[Problem to work on]
Leave the pictures out and restate every line below exactly.

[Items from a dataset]
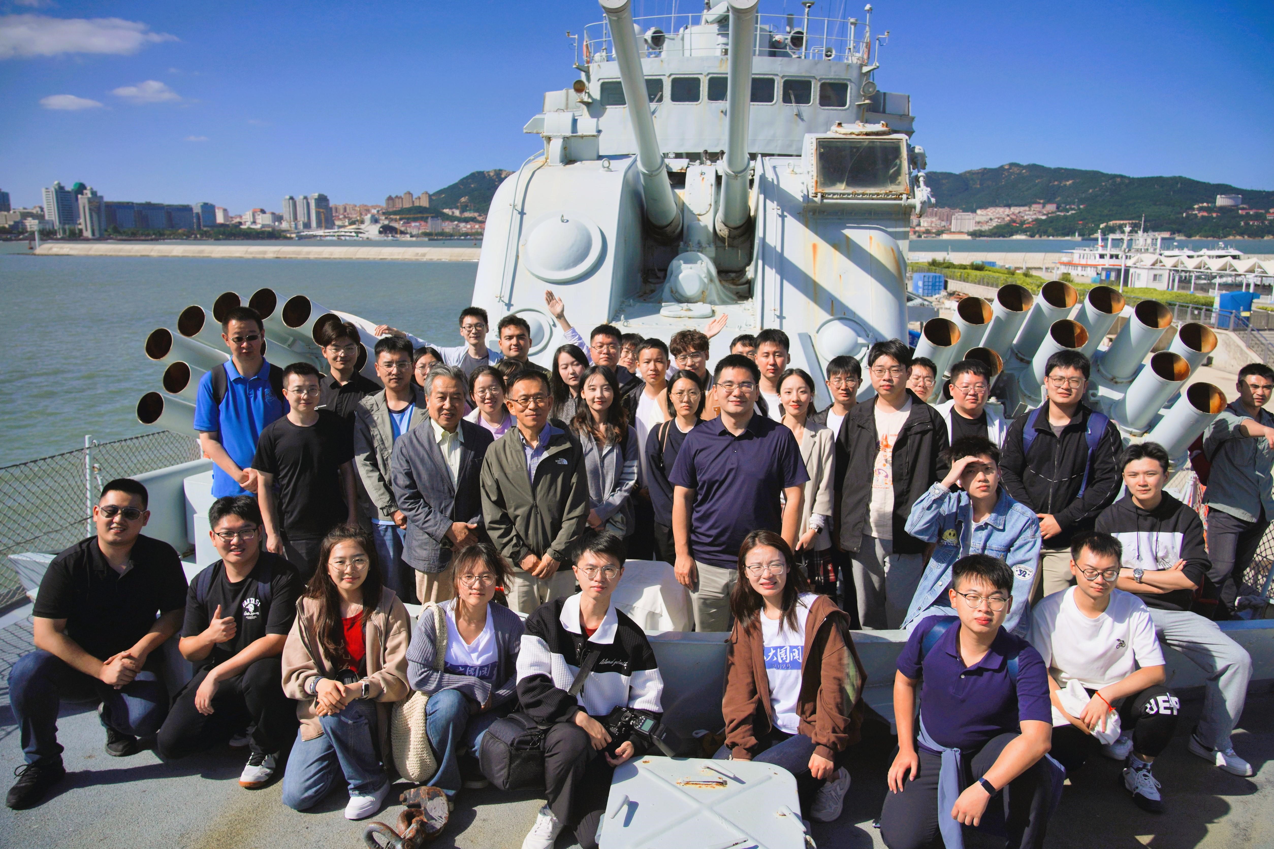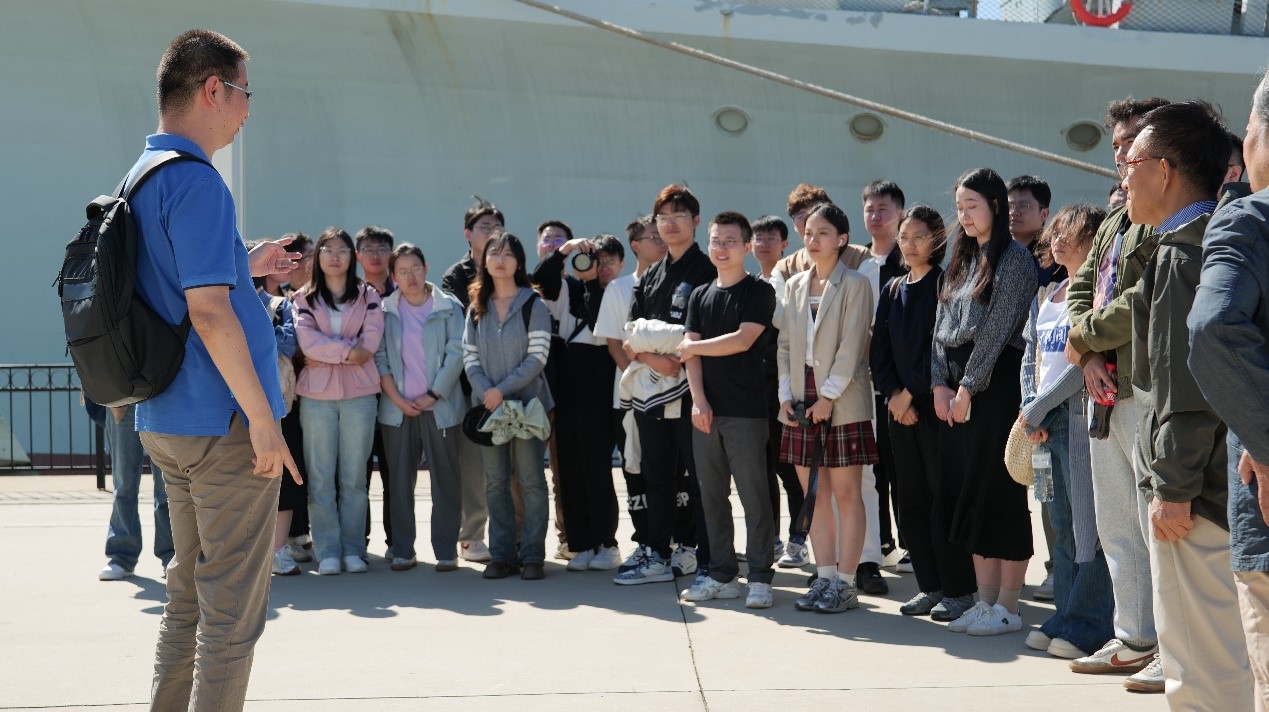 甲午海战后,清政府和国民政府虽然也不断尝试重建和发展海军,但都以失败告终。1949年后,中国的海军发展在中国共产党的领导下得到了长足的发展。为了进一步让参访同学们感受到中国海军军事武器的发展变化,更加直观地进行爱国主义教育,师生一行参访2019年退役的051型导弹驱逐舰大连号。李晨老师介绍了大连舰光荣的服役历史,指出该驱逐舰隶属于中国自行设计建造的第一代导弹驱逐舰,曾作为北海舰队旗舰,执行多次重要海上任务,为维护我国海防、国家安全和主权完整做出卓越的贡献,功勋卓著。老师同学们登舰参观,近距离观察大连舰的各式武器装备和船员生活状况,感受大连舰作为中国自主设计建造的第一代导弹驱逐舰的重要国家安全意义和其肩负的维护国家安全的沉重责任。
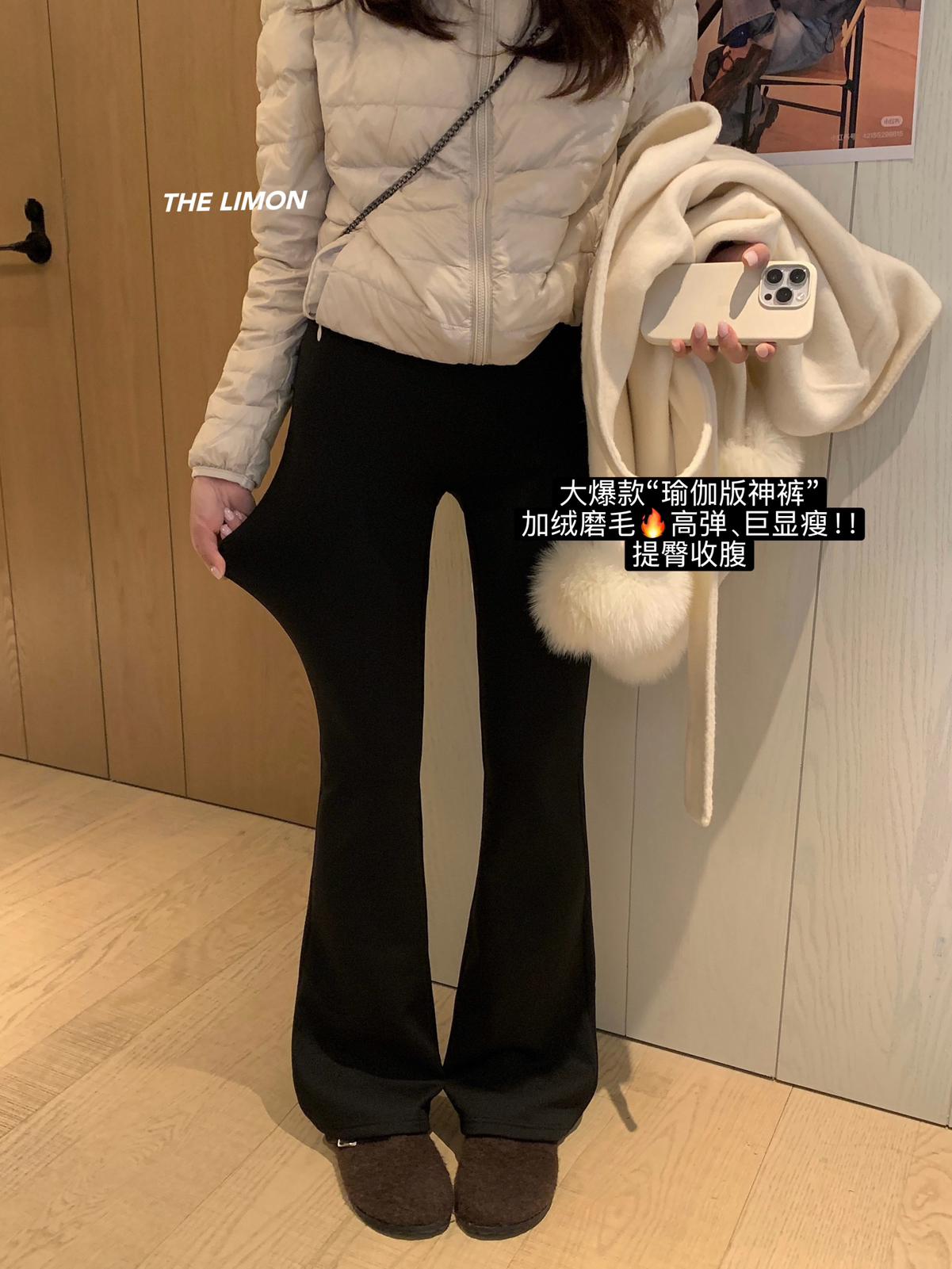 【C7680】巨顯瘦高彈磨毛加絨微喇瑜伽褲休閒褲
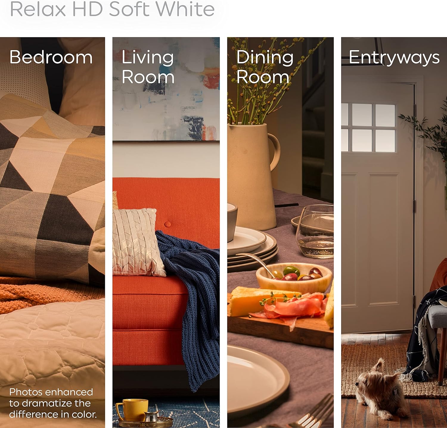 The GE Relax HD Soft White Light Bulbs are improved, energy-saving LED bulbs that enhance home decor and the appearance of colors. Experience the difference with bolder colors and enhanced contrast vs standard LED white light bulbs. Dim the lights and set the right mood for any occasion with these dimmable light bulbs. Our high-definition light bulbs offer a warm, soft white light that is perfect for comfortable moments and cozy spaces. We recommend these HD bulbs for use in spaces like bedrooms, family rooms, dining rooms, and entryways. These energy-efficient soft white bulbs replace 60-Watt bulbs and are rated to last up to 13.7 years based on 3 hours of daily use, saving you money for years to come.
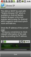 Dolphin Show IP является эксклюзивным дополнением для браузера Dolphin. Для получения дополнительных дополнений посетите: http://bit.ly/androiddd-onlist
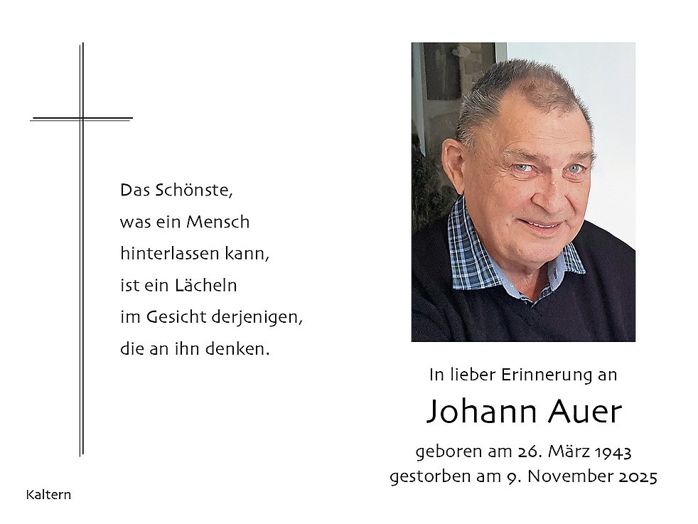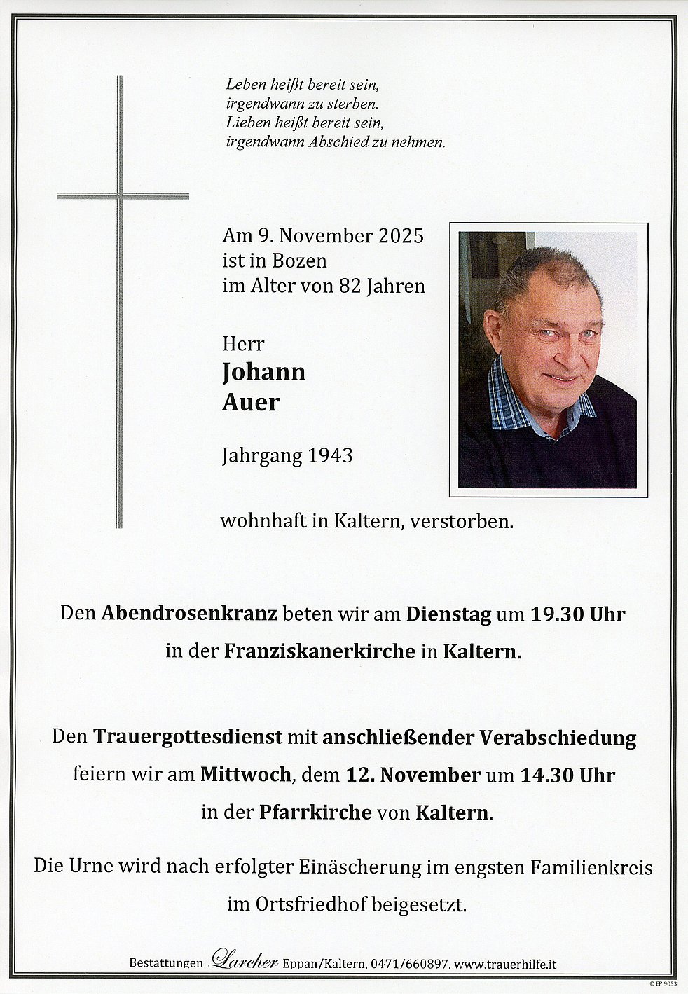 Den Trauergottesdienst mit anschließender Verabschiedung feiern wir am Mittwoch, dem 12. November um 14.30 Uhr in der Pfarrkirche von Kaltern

[Solution]
 甲午海战后,清政府和国民政府虽然也不断尝试重建和发展海军,但都以失败告终。1949年后,中国的海军发展在中国共产党的领导下得到了长足的发展。为了进一步让参访同学们感受到中国海军军事武器的发展变化,更加直观地进行爱国主义教育,师生一行参访2019年退役的051型导弹驱逐舰大连号。李晨老师介绍了大连舰光荣的服役历史,指出该驱逐舰隶属于中国自行设计建造的第一代导弹驱逐舰,曾作为北海舰队旗舰,执行多次重要海上任务,为维护我国海防、国家安全和主权完整做出卓越的贡献,功勋卓著。老师同学们登舰参观,近距离观察大连舰的各式武器装备和船员生活状况,感受大连舰作为中国自主设计建造的第一代导弹驱逐舰的重要国家安全意义和其肩负的维护国家安全的沉重责任。
 【C7680】巨顯瘦高彈磨毛加絨微喇瑜伽褲休閒褲
 The GE Relax HD Soft White Light Bulbs are improved, energy-saving LED bulbs that enhance home decor and the appearance of colors. Experience the difference with bolder colors and enhanced contrast vs standard LED white light bulbs. Dim the lights and set the right mood for any occasion with these dimmable light bulbs. Our high-definition light bulbs offer a warm, soft white light that is perfect for comfortable moments and cozy spaces. We recommend these HD bulbs for use in spaces like bedrooms, family rooms, dining rooms, and entryways. These energy-efficient soft white bulbs replace 60-Watt bulbs and are rated to last up to 13.7 years based on 3 hours of daily use, saving you money for years to come.
 Dolphin Show IP является эксклюзивным дополнением для браузера Dolphin. Для получения дополнительных дополнений посетите: http://bit.ly/androiddd-onlist
 Den Trauergottesdienst mit anschließender Verabschiedung feiern wir am Mittwoch, dem 12. November um 14.30 Uhr in der Pfarrkirche von Kaltern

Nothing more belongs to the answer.